Congress must ``recognize that these burnings don't occur in a vacuum, but in a climate of hostility,'' said SCLC President Joseph Lowery, among the witnesses who will testify before the House Judiciary Committee. ``Some of the blame must fall on that part of the public sector,'' which has blamed ``black people and poor people for the economic uncertainty'' facing the nation.
``The so-called angry white males have been led to believe that affirmative action and welfare are responsible for their economic dilemma'' and that is wrong, said Lowery.
The Judiciary Committee has called some of the nation's top law enforcement officials to testify at today's hearing.
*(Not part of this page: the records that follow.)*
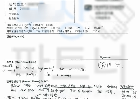 김@@님은 넘어져 우측 머리를 다치는 재해를 당하게 되었습니다. 넘어진 직후에는 청력보다 허리와 목의 통증이 심하셨고 위 부위를 중점으로 치료받으셨는데요, 시간이 점점 지나면서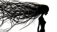 Dit indrukwekkende silhouet toont een mysterieuze vrouw met lang, wapperend haar dat wordt gevangen door de wind. De dynamische beweging van het haar geeft het beeld een krachtige en dramatische uitstraling, terwijl de contrastrijke afbeelding een artistiek en toch minimalistisch effect geeft.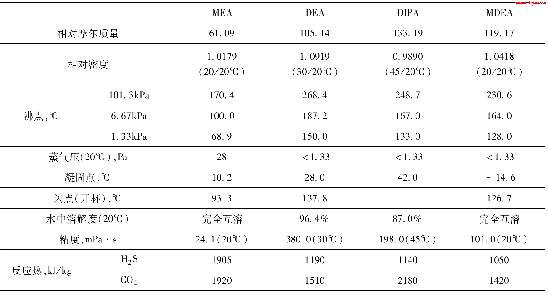 表2-4 幾種醇胺溶劑的物理化學(xué)性質(zhì)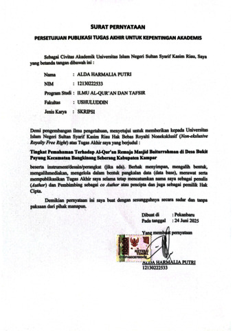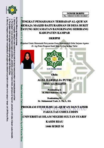 ALDA HARMALIA PUTRI, - (2025) TINGKAT PEMAHAMAN TERHADAP AL-QUR’AN REMAJA MASJID DI DESA BUKIT PAYUNG KECAMATAN BANGKINANG SEBERANG KABUPATEN KAMPAR. Skripsi thesis, UIN SUSKA.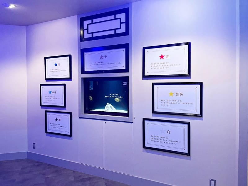 開運魚の水槽の中には可愛いお魚とともに癒やされるメッセージがひとつひとつ表示。88の水槽をすべて巡ることで、各種の運を引き寄せるといわれています。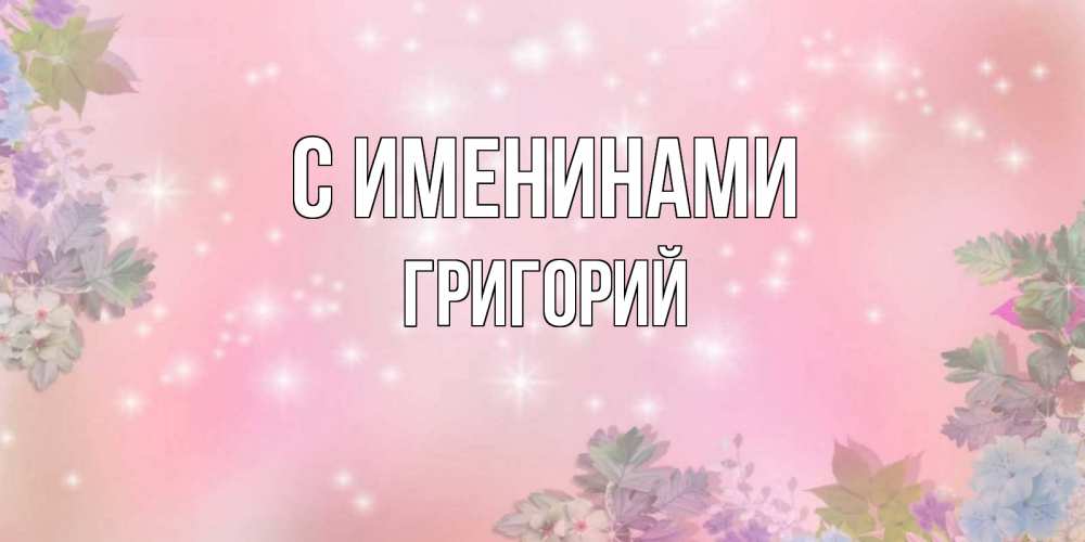 Открытка С именинами Григорий. красивый нежный фон на открытке. открыта с цветами в нежных тонах

Among the witnesses: Deputy Attorney General Duval Patrick, head of the Justice Department's Civil Rights Division; John Magaw, director of the Bureau of Alcohol, Tobacco and Firearms; and Neil Gallagher, head of the FBI's Criminal Investigative Division.
``The multi-agency investigation'' of church arson fires has a top priority and has produced some results - 17 of the cases have been resolved, said Myron Marlin, a Justice Department spokesman. Three people in Mississippi and three others in Tennessee received prison terms for setting fires in black churches.
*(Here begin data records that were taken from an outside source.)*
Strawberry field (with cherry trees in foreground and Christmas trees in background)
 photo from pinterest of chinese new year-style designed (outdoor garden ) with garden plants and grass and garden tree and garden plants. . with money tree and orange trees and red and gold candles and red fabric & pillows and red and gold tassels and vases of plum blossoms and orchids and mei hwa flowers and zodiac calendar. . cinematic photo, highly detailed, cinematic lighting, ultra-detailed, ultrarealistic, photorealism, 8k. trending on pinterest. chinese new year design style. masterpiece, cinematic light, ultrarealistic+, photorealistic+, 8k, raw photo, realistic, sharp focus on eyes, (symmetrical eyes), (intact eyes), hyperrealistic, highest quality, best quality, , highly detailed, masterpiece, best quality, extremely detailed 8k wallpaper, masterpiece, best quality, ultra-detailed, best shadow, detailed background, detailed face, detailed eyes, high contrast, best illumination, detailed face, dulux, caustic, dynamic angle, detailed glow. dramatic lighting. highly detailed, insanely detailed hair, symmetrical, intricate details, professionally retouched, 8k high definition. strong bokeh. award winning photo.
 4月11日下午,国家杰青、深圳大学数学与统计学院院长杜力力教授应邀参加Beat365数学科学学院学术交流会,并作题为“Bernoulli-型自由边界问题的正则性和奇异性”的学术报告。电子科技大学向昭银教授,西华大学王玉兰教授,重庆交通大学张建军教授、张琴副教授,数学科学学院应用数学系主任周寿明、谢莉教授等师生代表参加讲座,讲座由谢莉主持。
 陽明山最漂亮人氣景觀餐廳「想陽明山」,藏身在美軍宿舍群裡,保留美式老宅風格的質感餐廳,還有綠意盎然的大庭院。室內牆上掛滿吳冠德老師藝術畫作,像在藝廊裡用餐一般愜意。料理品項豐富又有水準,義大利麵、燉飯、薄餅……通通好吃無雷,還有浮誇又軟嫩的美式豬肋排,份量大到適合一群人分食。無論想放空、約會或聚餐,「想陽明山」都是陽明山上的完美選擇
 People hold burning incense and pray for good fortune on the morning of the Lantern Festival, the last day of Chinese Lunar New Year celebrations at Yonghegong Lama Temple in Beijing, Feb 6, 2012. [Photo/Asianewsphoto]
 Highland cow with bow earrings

Although there has been a racial motive to some of the church burnings and some people have been convicted of setting more than one fire, no common thread has been found for most of the fires, said Marlin.
Today's hearing is for oversight rather than legislative purposes, said Sam Stratman, a spokesman for Committee Chairman Henry Hyde, R-Ill.
There are already federal laws on the books against such terrorist acts and hate crimes, he explained. But the committee wants to know whether enough resources are available for the on-going investigations.